Риз Авир дрогнул одними ресницами. Да, он изменился и вырос за сто лет. Но и теперь вряд ли понимал, что вообще здесь происходит. В альянсе. В этом зале. В голове у синтетика. Он знал: сейчас любое решение станет кардинальным, но необдуманным. Для размышлений нужно было время, но пока он молчал, с каждой секундой таяло его положение силы. И для работы в одной связке нужен был настоящий разговор, а не лицемерная игра. Герцог разжал зубы и вздернул голову:

– Я принимаю корону. Мне нужен час, чтобы отдать распоряжения флоту.

Новый император сам отключил связь и пропал с экранов. Эйден выдохнул, но так и не обернулся к Харгену. Чего он там не видел – злорадной ухмылки? Еще одной фальшивой бравады? А Джур-то без него становится все лучше. Хорошо. Плевать на все, кроме конечной цели. Через пятьдесят девять минут империя проиграет войну, но выиграет бесценное: время.

* * *

Зубы клацнули, но огненный удар так и не последовал. Пленник уступил любопытству и открыл глаза. Не то чтобы он сильно волновался, не сдохла ли тварь, подавившись молочным зубом, просто затихшие монстры имеют малоприятное свойство возникать позади тебя. И обязательно капать слюной на плечо.

Оказалось, гадина сверху пропала. Теперь свет шел от чьих-то ярких глаз в дырке на потолке, но у зубастой твари глаз не было, а значит, сюда пробрался кто-то другой. Пока некто светил и не показывался, Орис решил не обращать на него внимания. Осмотревшись, юноша обнаружил, что слизь на бетонном полу высохла. Та, что сочилась из стен, желтела и сыпалась на глазах. Орис сухо глотнул, вылез из укрытия и уставился на него растерянно. Это были не ребра. И никогда ими не были, так что ли, выходит? Вместо скелета на полу стояли кривые нары из горбыля. Он поковырял желтушную краску на стене. Лужа просочилась сквозь трещины в полу, и как только воды не осталось – даже самой грязной – пить захотелось еще сильнее.
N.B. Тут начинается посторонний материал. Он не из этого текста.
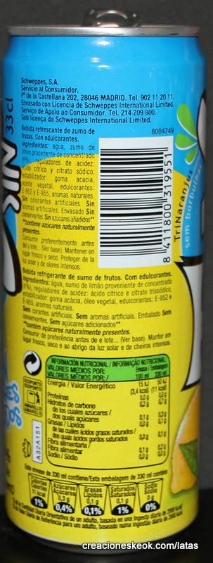 TriNa es una marca española de bebidas refrescantes sin gas. Fue el primer refresco de frutas sin burbujas en el mercado español sin gas, nacido en 1934 y con el nombre de TriNaranjus por su contenido: el zumo de tres naranjas. TriNa es una marca del grupo Schweppes Suntory España. Los orígenes de la TriNa se remontan a los años 30. Fue la creación de un pionero, el Dr. Trigo, que en 1934, desde su laboratorio de la calle Sagunto, lanzó en Valencia un refresco de naranja muy natural, sin burbujas, al que bautizó como Trinaranjus. Este nombre viene porque la base de su receta son tres variedades de naranja diferentes: Naranja Valencia, Salustiana y Cadenera. La compañía se expandió a lo largo de los años, hasta que en 1986 la marca renovó su imagen, su género (una Trina) y su nombre a TriNa. En 2009, Suntory Group adquiere la compañía Orangina Schweppes, y con ello, la marca TriNa. Este producto se comercializa en España y Portugal tanto en hostelería como en supermercados e hipermercados. Fuente : Wikipedia Leer un poco más de su historia

Ладно. Твари нет, радуйся. Орис забрался на нары, чтобы не сидеть на полу. Только он затих, из дыры на потолке забрезжили лучики света. Оттуда выбрались пауки размером с яблоко и расползлись по стенам. Вместо брюшка у них были человечьи глаза. Чем надышался здесь бедняга Орис, что мерещилась ему такая дрянь? Светились не глазные яблоки, нет. Фонарики были на паучьих пятках, на каждой лапке, и когда они топали, по стенам и потолку мелькали крошечные лучи. Лазерное шоу… Орис когда-то просился у отца на танцы, но его тогда не пустили к плебеям. Что ж, теперь вечеринку ему устроили настоящие патриции. Харген бы с ума сошел. Впрочем, он ведь и так сойдет – как только имперцы используют сына против отца.
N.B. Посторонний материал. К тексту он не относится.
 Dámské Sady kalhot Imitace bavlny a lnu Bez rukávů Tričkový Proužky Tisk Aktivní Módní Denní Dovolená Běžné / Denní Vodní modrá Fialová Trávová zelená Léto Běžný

От стены рядом откололся кусок. Осталась дыра, не слишком большая, чтобы сбежать, но и не слишком маленькая. Внутри было черно: может, еще одна камера, а может, чья-то могила. Самина тотчас сунула бы туда руку, но Орис дергано отодвинулся и не спускал с дырки глаз. Любопытные пауки направили софиты на дыру, из которой выпала… миска. Орис вытянул шею. Прозрачная клейкая масса дрожала на дне. Ну, здорово: один в один его школьный завтрак. Наверное, это даже можно есть, раз оно в миске. Опередив паука на какие-то пару секунд, юноша сцапал миску и ткнул в нее пальцем. К нему прилипла вязкая жижа. Совершенно без запаха. Орис лизнул ее, потом содрал зубами с пальца, пожевал и заставил себя проглотить. Вкуса она тоже не имела. Кажется, это одновременно была и еда, и вода. Удовольствия от такой трапезы было не больше, чем от пищевых капсул для бедняков на Бране. Те пили биокисель, но и тот имел какое-то подобие вкуса. А тут – вязкий воздух. Интересно, это обычная еда в империи, а может, только военнопленных так балуют?

Пока Орис ел, пауки то светили, то гасли. Раздражали. Он перестал их отпугивать и подпустил к себе одного. Стряхнул ему с пальца каплю жижи, а пока тот кормился, вылил остатки клейстера прямо на него. Паук затормошил ногами, приклеенный к стене киселем. Но жижа была беспощадна, и паук увяз. Софиты на пятках замерли: тогда паук сдался и принялся есть жижу изнутри. Из киселя вышла довольно сильная линза, и Орис приобрел себе не самый бездарный ночник. Другие пауки сбежали через разлом в потолке.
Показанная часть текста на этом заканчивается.